Sapanca'nın Fevziye Mahallesi’nde bulunan yaklaşık 500 yıllık su değirmeni adeta tarihe tanıklık etmenin yanı sıra vatandaşların da ihtiyaçlarını karşılamaya devam ediyor. Atalarından kalan yaklaşık 5 asırlık tarihi değirmenin çarklarını kurulan düzenle döndürmeyi sürdüren Fahrettin Yılmaz, buğday, arpa, mısır gibi tahıl ürünlerini öğüterek doğal un elde ediyor.
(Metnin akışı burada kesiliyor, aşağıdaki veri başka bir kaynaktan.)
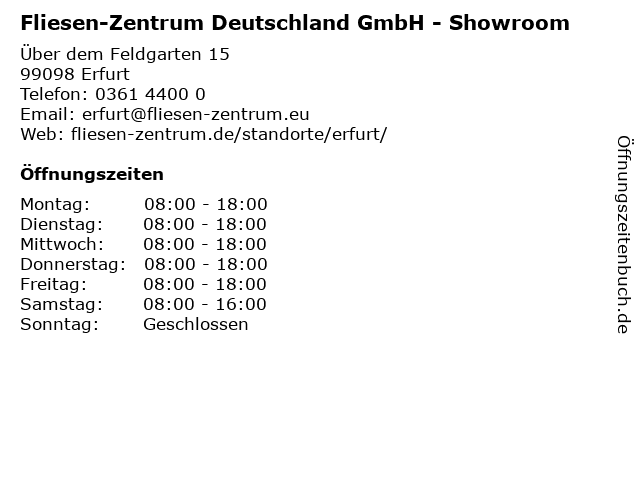 1 Fliesen-Zentrum Deutschland GmbH - Großhandel & Materialausgabe (Entfernung: 0,29 km) Über dem Feldgarten 15, 99098 Erfurt 2 Fliesen-Zentrum Deutschland - Ausstellungsraum (Entfernung: 0,30 km) Über dem Feldgarten 15, 99198 Erfurt 5 Käppler GmbH Wartungsdienst u. Fachmarkt Sanitär Heizung Fliesen Elektro Klempnerarbeiten (Entfernung: 4,97 km) Andreasstr. 1, 99084 Erfurt 6 |

Değirmen, Akçay Deresi’nden gelen ufak bir dere yatağından akan su ile asırlardır faaliyetine devam ediyor. Bölge halkının yanı sıra Türkiye’nin birçok yerinden tahıl getirilip öğütüldüğünü aktaran beşinci kuşak değirmenci Fahrettin Yılmaz, bir çuval tahılın una dönüşmesinin yaklaşık 2 saat sürdüğünü aktardı.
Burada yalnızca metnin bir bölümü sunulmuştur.